**YOUR OBJECTIVE**
The answer should be an exact repeat of the stretch of material below from the line containing "The patient’s elbow" through the line containing "1998年底至1999年初,考古队对古城".
(EXERCISE MATERIALS Opens)
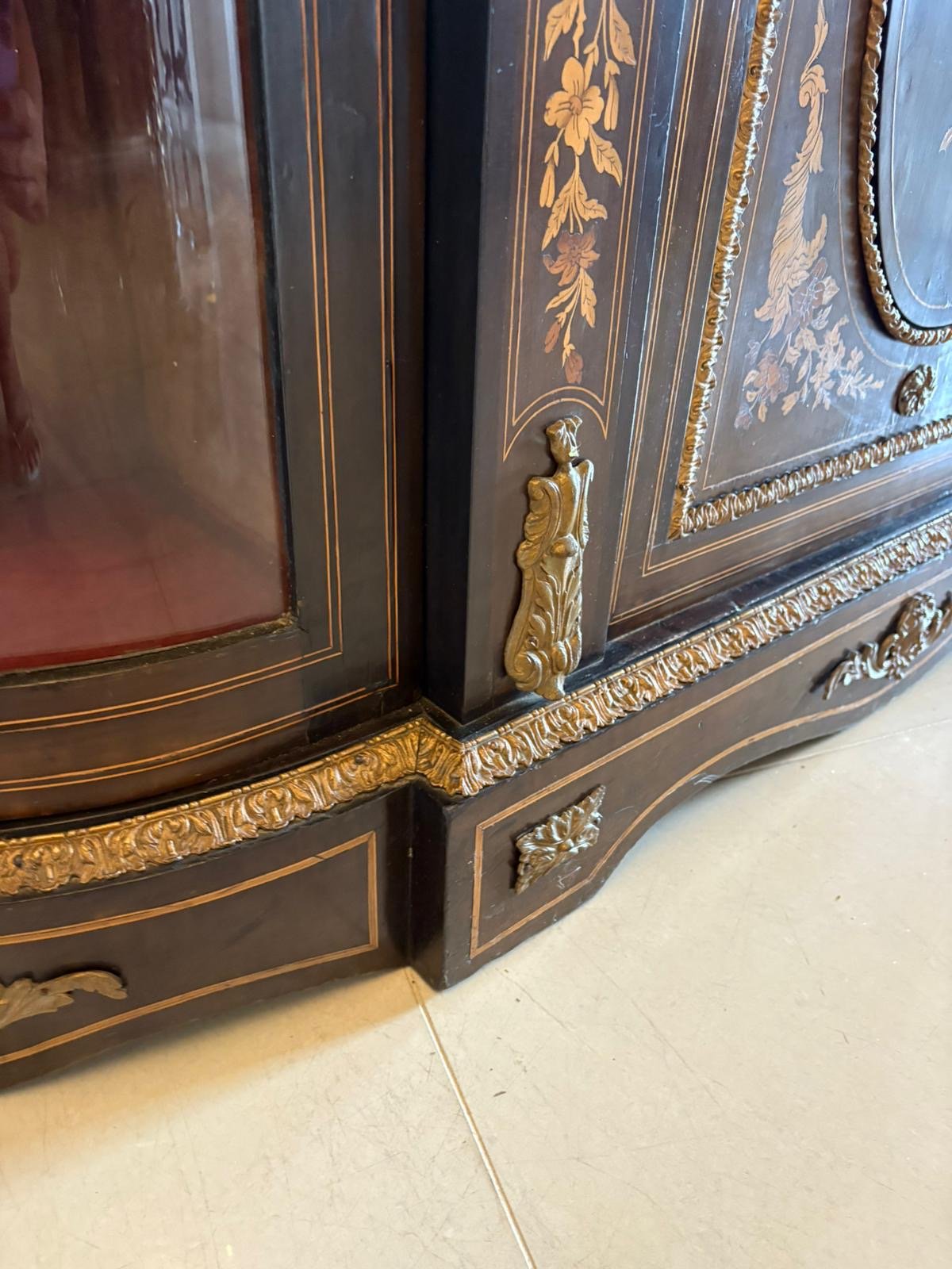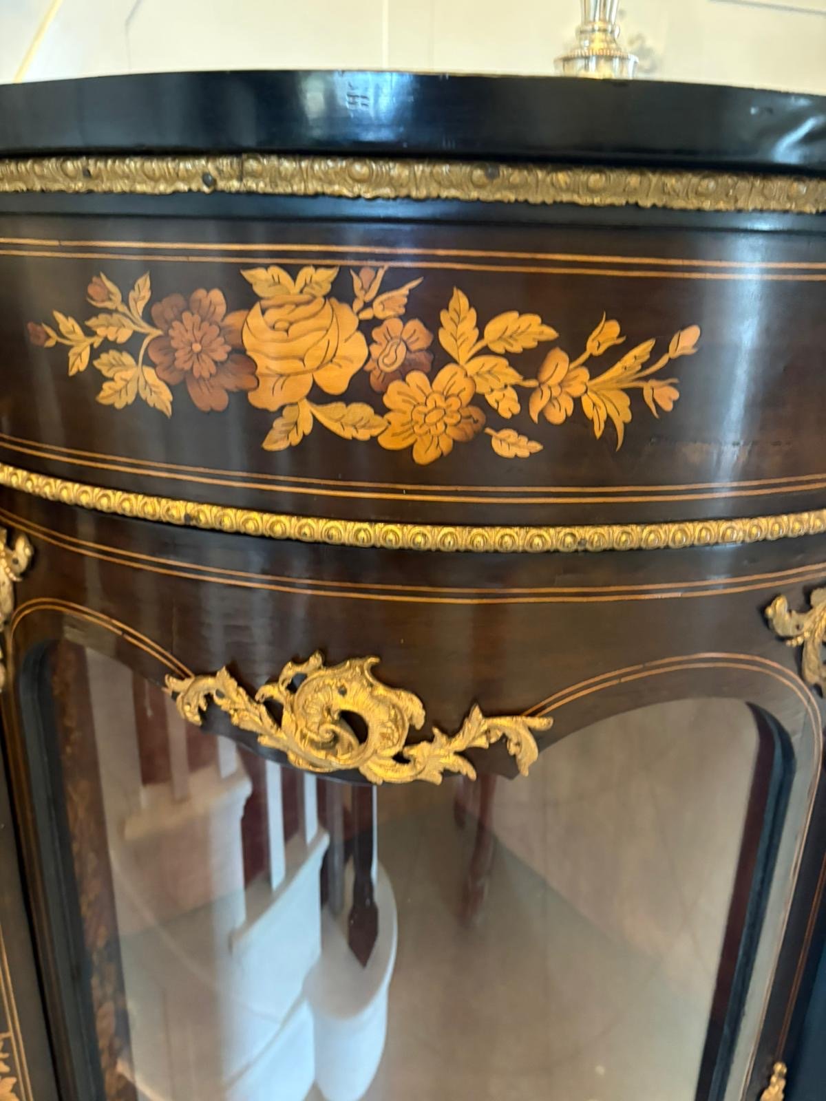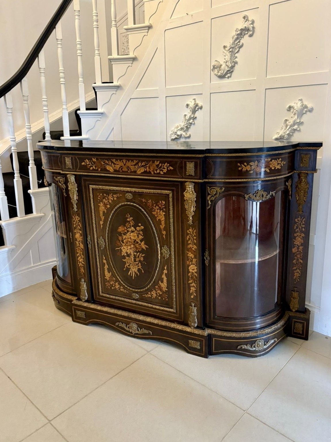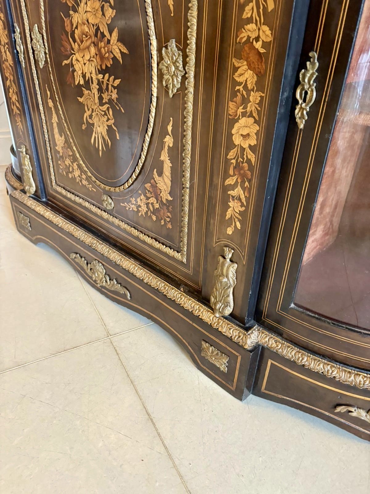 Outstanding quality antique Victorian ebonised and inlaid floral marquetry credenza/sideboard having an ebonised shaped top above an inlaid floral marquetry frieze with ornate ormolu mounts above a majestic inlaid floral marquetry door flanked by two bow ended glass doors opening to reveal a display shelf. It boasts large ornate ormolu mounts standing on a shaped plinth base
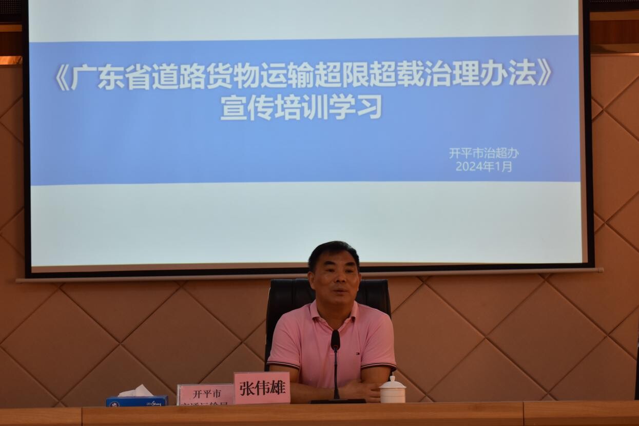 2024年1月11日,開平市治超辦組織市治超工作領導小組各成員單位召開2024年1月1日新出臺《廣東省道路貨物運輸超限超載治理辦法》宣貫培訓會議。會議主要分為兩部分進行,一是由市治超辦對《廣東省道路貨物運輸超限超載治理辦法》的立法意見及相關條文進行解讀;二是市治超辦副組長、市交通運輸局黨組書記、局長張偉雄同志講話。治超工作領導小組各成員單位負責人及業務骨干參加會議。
(EXERCISE MATERIALS Closes)
(EXERCISE MATERIALS Opens)
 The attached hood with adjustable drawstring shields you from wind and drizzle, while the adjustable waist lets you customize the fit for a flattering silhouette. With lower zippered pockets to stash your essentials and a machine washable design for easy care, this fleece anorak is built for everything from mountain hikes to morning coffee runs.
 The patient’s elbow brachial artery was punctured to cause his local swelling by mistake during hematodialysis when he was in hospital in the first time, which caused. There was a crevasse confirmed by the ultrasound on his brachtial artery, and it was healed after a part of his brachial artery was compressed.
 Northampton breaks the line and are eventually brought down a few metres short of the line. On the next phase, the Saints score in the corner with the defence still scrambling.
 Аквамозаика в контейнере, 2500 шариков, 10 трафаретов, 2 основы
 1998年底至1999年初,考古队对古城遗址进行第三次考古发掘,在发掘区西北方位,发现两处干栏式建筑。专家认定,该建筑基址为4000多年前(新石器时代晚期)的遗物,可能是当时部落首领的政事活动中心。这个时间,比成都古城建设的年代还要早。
(EXERCISE MATERIALS Closes)
**SOLUTION**
 The patient’s elbow brachial artery was punctured to cause his local swelling by mistake during hematodialysis when he was in hospital in the first time, which caused. There was a crevasse confirmed by the ultrasound on his brachtial artery, and it was healed after a part of his brachial artery was compressed.
 Northampton breaks the line and are eventually brought down a few metres short of the line. On the next phase, the Saints score in the corner with the defence still scrambling.
 Аквамозаика в контейнере, 2500 шариков, 10 трафаретов, 2 основы
 1998年底至1999年初,考古队对古城遗址进行第三次考古发掘,在发掘区西北方位,发现两处干栏式建筑。专家认定,该建筑基址为4000多年前(新石器时代晚期)的遗物,可能是当时部落首领的政事活动中心。这个时间,比成都古城建设的年代还要早。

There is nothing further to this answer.